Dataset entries
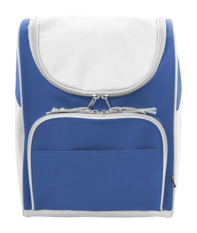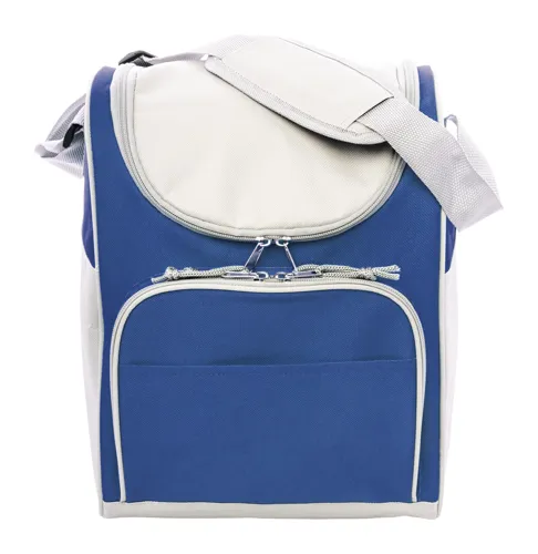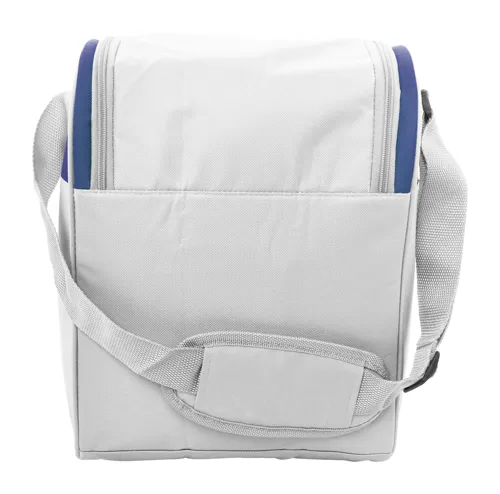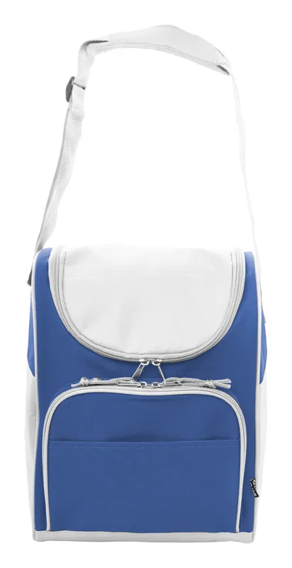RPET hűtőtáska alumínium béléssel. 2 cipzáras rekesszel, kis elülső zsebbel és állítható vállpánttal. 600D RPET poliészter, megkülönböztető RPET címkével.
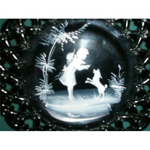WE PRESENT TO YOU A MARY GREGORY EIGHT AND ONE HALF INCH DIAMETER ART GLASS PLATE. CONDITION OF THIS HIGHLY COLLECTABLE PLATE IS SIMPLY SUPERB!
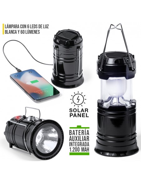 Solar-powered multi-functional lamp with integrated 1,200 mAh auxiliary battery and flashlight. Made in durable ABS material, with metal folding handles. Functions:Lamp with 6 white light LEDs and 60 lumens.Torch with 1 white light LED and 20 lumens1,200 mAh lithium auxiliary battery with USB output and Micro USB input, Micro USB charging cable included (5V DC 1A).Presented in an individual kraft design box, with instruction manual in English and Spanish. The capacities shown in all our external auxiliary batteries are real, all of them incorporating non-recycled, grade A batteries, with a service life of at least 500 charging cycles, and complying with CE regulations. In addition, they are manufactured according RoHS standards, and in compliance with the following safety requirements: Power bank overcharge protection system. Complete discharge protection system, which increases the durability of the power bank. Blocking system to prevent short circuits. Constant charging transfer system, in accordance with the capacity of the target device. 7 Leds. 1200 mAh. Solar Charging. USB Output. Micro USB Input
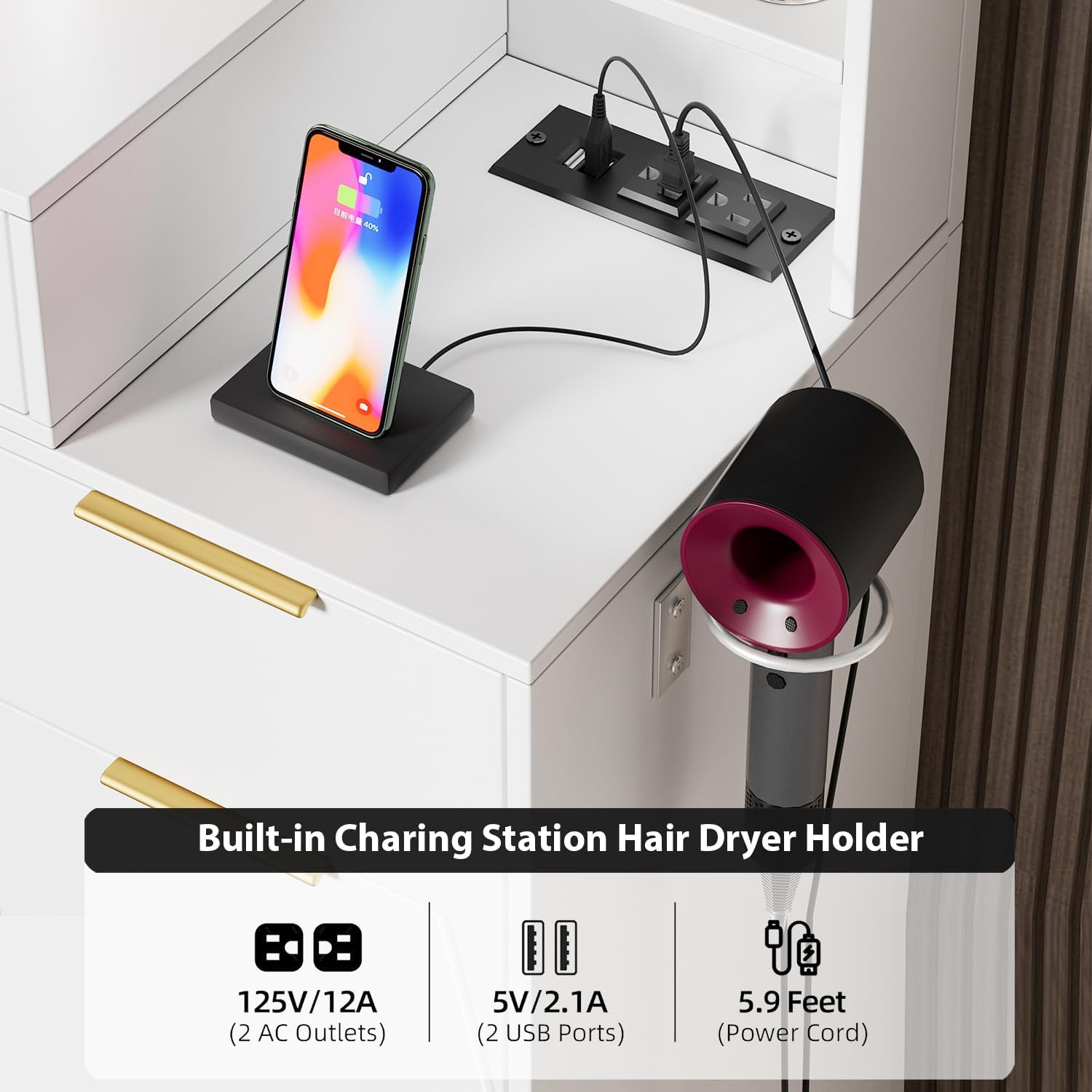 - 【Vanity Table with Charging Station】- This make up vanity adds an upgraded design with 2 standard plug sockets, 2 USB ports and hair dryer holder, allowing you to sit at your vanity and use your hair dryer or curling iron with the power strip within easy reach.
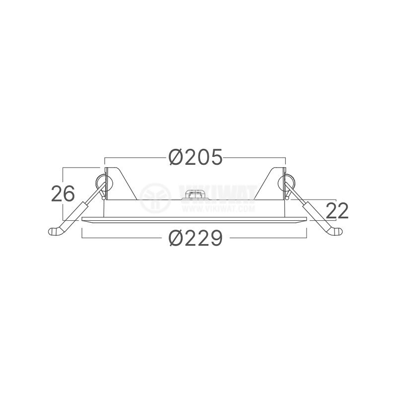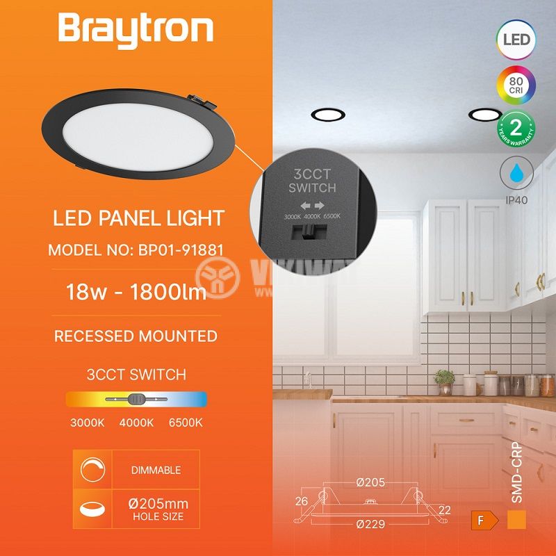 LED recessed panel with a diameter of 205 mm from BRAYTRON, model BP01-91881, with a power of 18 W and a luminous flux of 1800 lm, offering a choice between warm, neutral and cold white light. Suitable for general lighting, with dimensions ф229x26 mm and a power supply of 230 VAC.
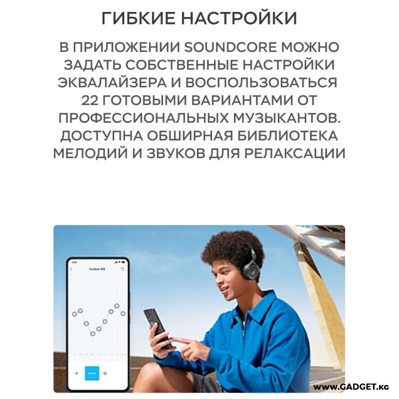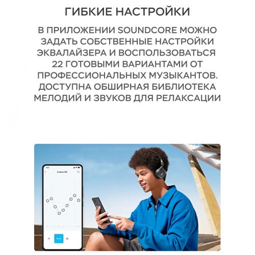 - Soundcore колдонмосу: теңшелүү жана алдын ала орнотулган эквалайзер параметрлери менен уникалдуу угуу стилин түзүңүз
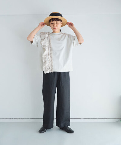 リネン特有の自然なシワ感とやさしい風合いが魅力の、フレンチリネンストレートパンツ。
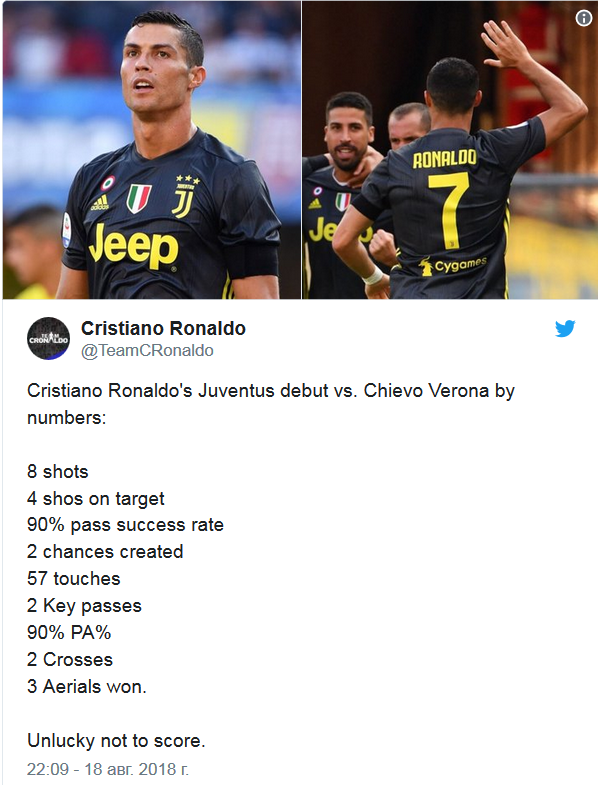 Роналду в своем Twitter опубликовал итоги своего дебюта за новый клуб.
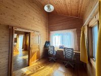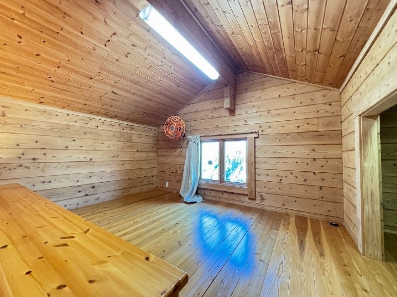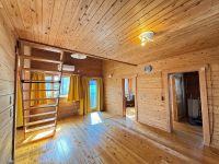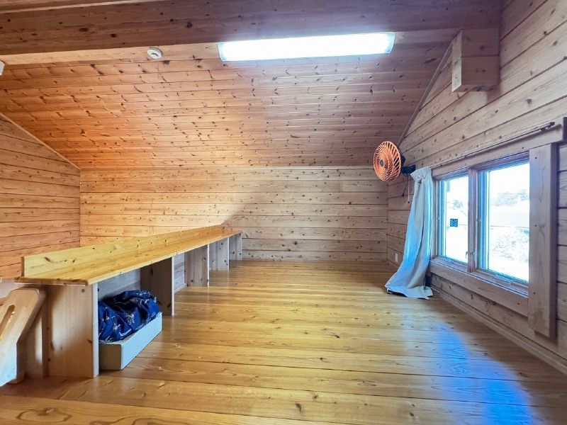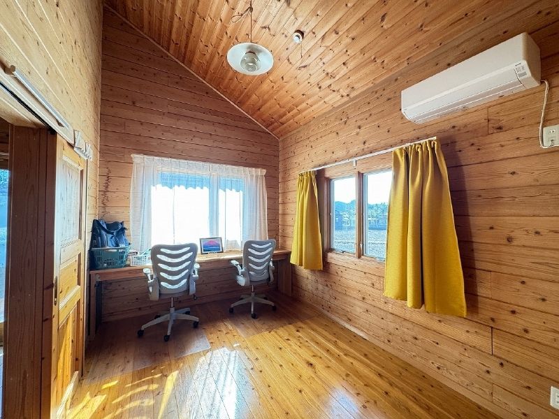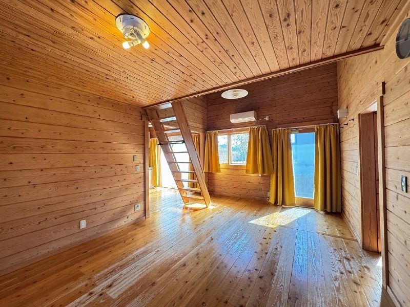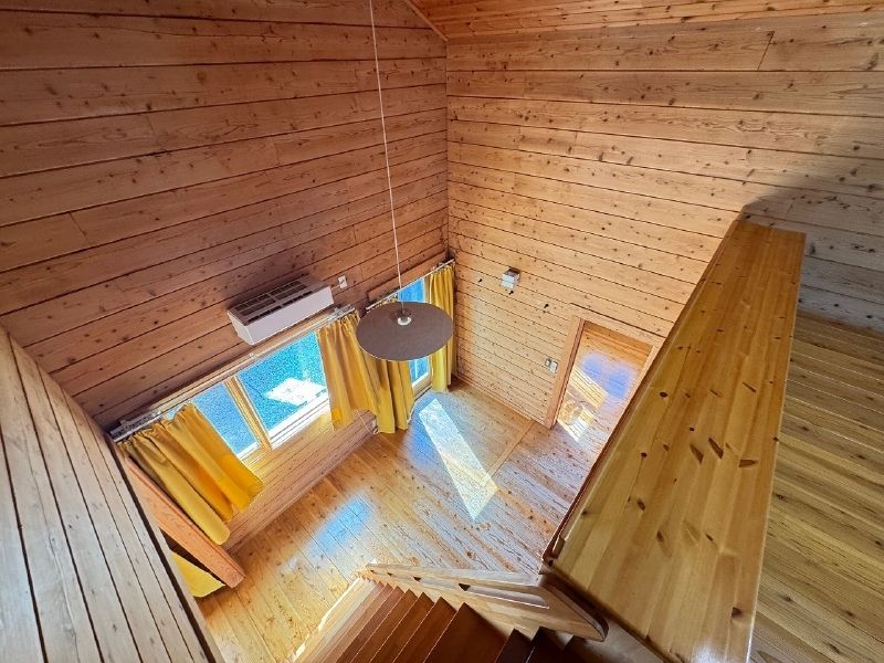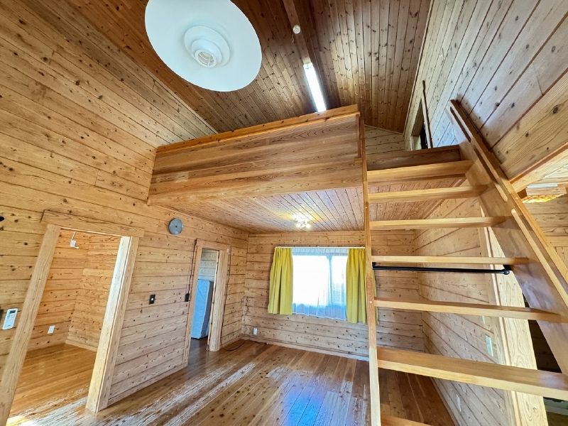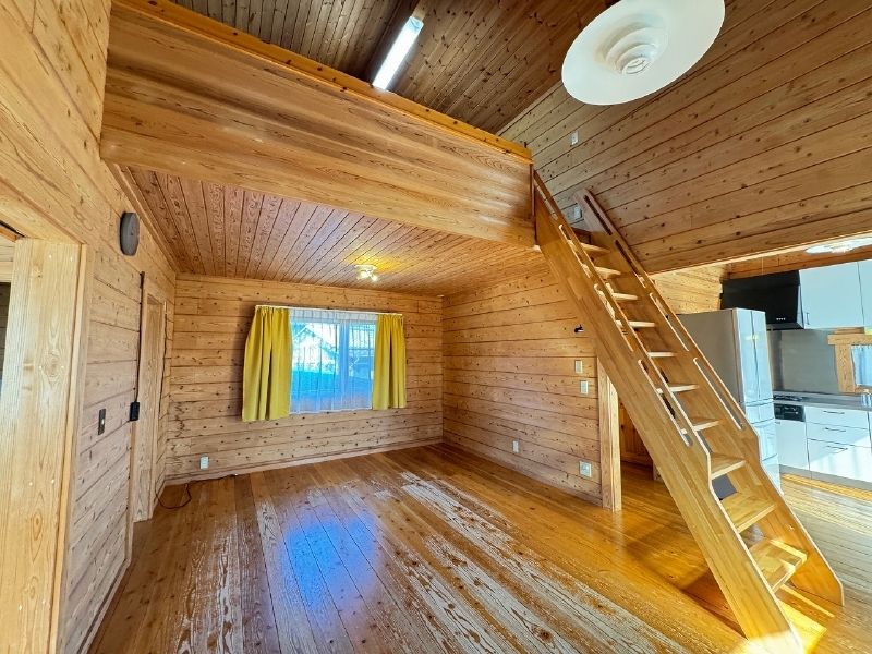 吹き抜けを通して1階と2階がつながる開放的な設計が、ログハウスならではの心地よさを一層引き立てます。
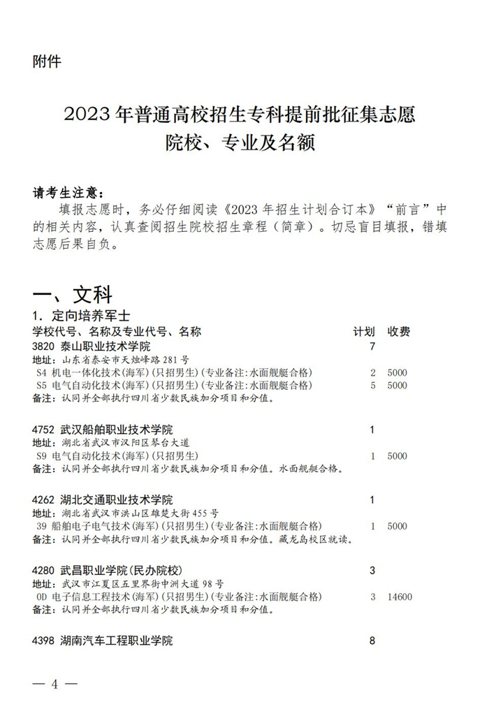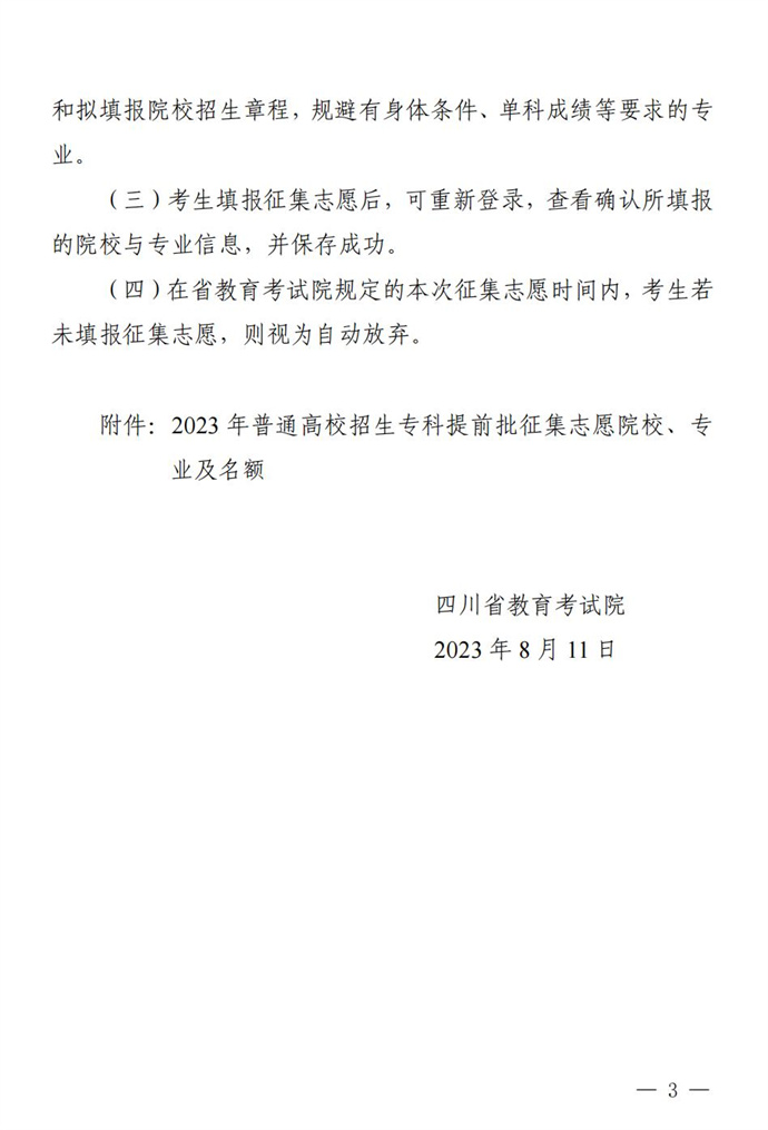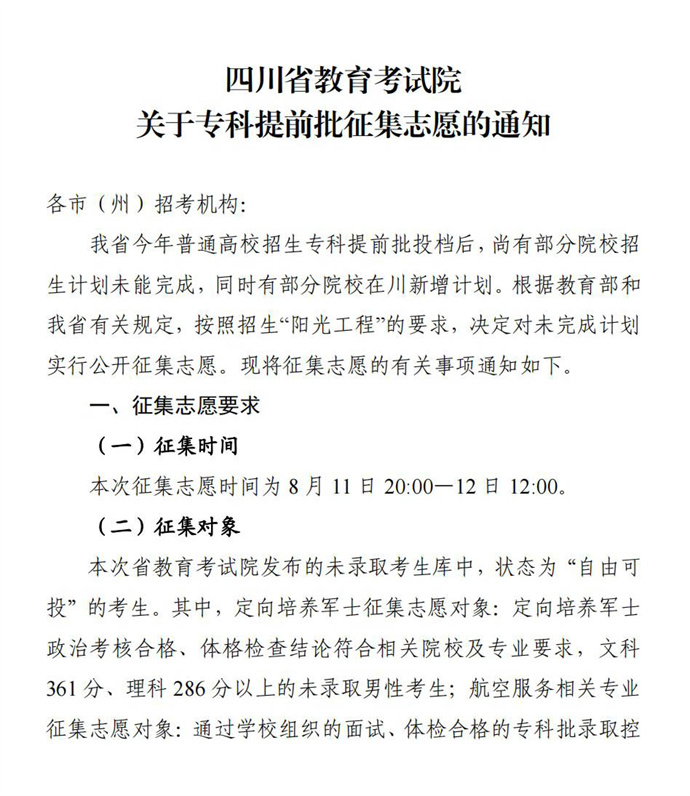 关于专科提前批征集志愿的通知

**TASK DIRECTIONS**
Give back exactly, and solely, the section of the data above bounded by the line containing "LED recessed panel" and the line containing "Роналду в своем", both bounding lines included and pictures omitted.

**TASK OUTPUT**
 LED recessed panel with a diameter of 205 mm from BRAYTRON, model BP01-91881, with a power of 18 W and a luminous flux of 1800 lm, offering a choice between warm, neutral and cold white light. Suitable for general lighting, with dimensions ф229x26 mm and a power supply of 230 VAC.
 - Soundcore колдонмосу: теңшелүү жана алдын ала орнотулган эквалайзер параметрлери менен уникалдуу угуу стилин түзүңүз
 リネン特有の自然なシワ感とやさしい風合いが魅力の、フレンチリネンストレートパンツ。
 Роналду в своем Twitter опубликовал итоги своего дебюта за новый клуб.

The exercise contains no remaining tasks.